§ RECORDED DATA:
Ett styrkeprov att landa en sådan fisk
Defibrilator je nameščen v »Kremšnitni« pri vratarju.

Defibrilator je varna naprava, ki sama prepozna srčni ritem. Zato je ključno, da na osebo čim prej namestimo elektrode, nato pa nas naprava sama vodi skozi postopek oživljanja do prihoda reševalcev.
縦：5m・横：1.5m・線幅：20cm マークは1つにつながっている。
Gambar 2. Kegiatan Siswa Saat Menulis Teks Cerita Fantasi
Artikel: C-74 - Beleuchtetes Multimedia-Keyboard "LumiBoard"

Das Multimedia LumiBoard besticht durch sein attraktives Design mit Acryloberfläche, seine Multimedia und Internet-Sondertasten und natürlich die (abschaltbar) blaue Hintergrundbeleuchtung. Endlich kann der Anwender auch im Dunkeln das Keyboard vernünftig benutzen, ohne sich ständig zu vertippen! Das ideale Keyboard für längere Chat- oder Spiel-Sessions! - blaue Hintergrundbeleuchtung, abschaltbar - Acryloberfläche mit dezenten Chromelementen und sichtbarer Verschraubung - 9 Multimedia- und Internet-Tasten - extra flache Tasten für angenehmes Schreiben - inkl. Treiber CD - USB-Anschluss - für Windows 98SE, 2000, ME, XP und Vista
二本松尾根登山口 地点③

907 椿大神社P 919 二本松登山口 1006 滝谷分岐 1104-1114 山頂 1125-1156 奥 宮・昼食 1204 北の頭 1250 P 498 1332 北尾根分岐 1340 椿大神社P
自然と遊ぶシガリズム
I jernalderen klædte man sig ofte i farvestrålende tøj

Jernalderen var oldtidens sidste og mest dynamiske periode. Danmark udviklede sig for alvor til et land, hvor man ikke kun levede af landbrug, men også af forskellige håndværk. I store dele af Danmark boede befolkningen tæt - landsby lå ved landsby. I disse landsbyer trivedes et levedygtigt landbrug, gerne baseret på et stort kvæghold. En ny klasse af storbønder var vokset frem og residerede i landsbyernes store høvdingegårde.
---
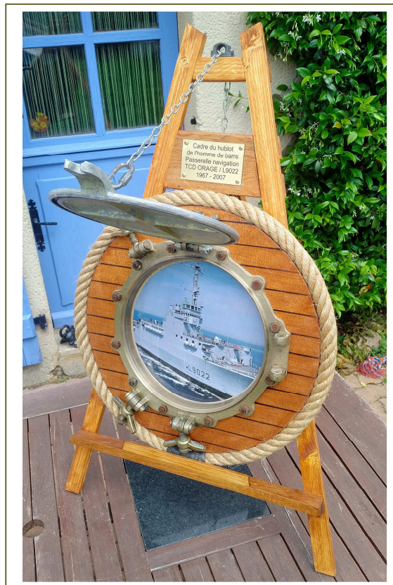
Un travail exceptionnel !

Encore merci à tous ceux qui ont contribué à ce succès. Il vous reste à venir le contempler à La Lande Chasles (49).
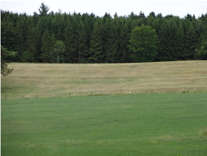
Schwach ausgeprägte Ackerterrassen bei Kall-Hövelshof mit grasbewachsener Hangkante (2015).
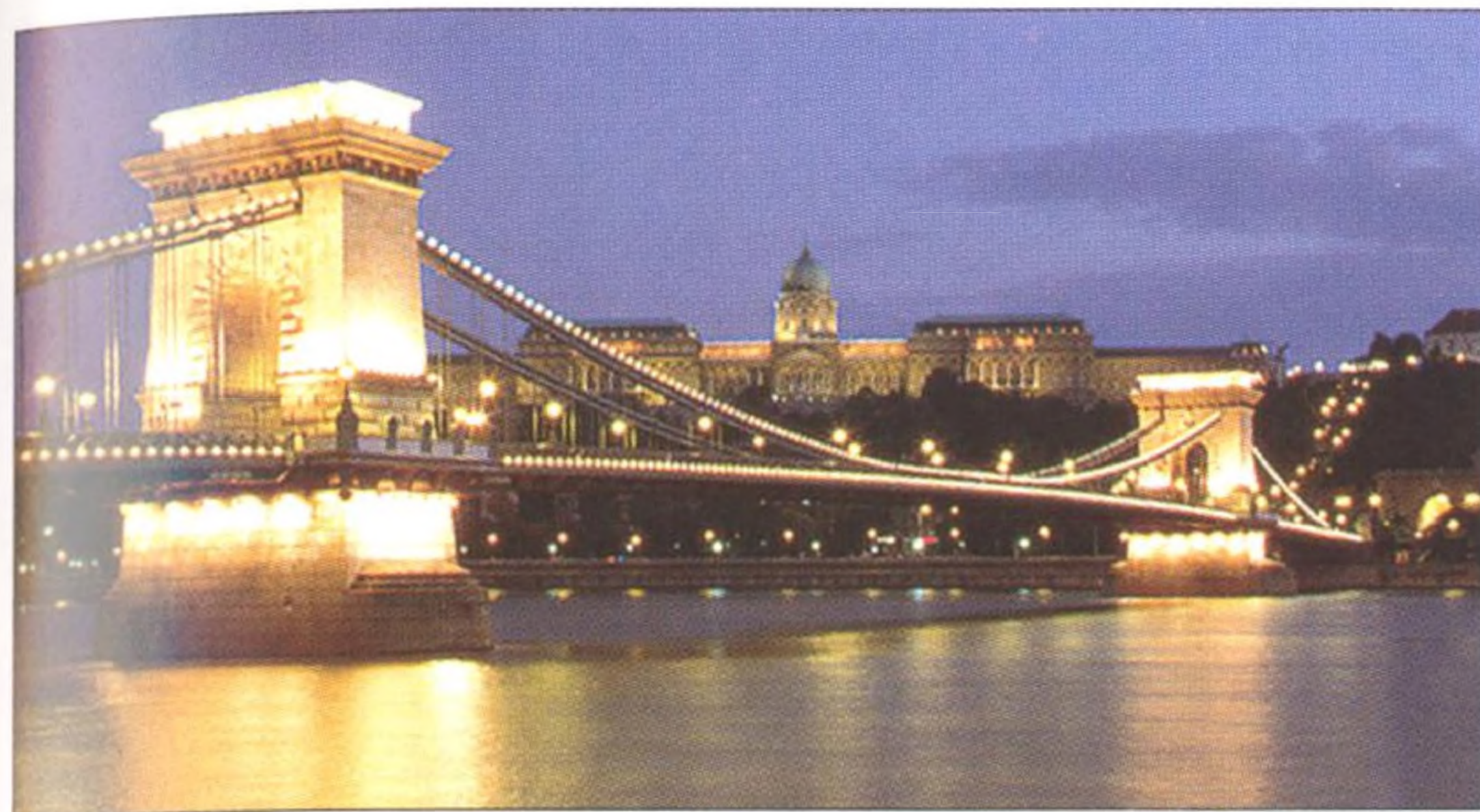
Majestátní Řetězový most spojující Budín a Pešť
==
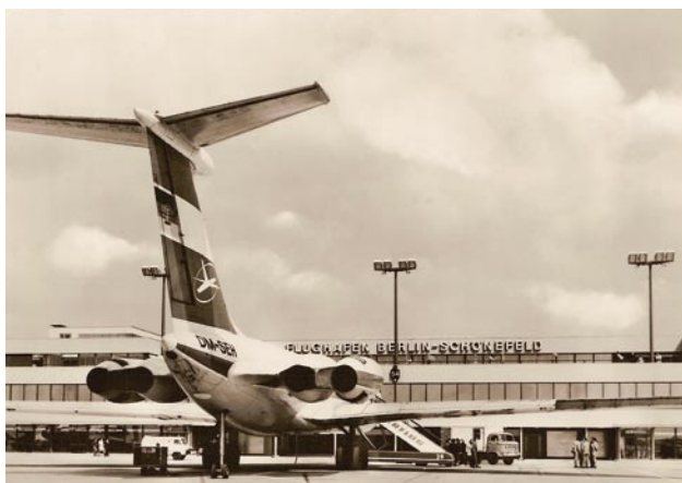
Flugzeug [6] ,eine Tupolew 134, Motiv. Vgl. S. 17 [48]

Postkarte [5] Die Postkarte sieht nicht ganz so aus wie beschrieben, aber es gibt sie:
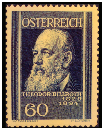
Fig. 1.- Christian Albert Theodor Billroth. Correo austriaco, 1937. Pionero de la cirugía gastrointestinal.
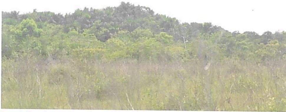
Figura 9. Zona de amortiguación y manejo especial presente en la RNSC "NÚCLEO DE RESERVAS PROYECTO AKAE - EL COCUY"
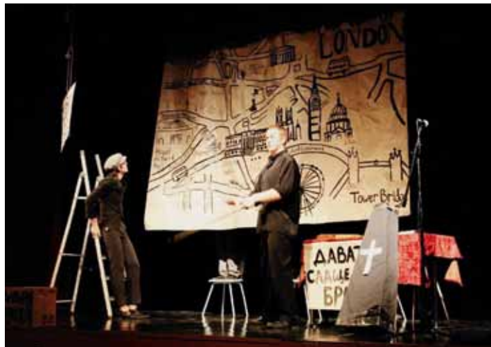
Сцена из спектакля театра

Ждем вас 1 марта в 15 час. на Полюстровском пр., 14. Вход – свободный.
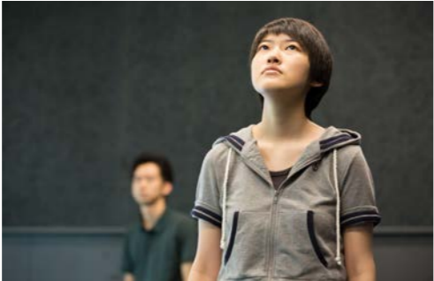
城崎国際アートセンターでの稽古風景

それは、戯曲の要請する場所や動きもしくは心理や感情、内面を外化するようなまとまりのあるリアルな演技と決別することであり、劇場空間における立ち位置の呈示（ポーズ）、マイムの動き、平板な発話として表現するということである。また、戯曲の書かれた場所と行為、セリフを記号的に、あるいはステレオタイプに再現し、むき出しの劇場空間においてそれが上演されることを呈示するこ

§ PROBLEM DETAILS: Using the entries above, extract exactly the span from the line with "城崎国際アートセンターでの稽古風景" to the line with "それは、戯曲の要請する場所や", both lines included; leave out everything else.

§ REPLY:
城崎国際アートセンターでの稽古風景

それは、戯曲の要請する場所や動きもしくは心理や感情、内面を外化するようなまとまりのあるリアルな演技と決別することであり、劇場空間における立ち位置の呈示（ポーズ）、マイムの動き、平板な発話として表現するということである。また、戯曲の書かれた場所と行為、セリフを記号的に、あるいはステレオタイプに再現し、むき出しの劇場空間においてそれが上演されることを呈示するこ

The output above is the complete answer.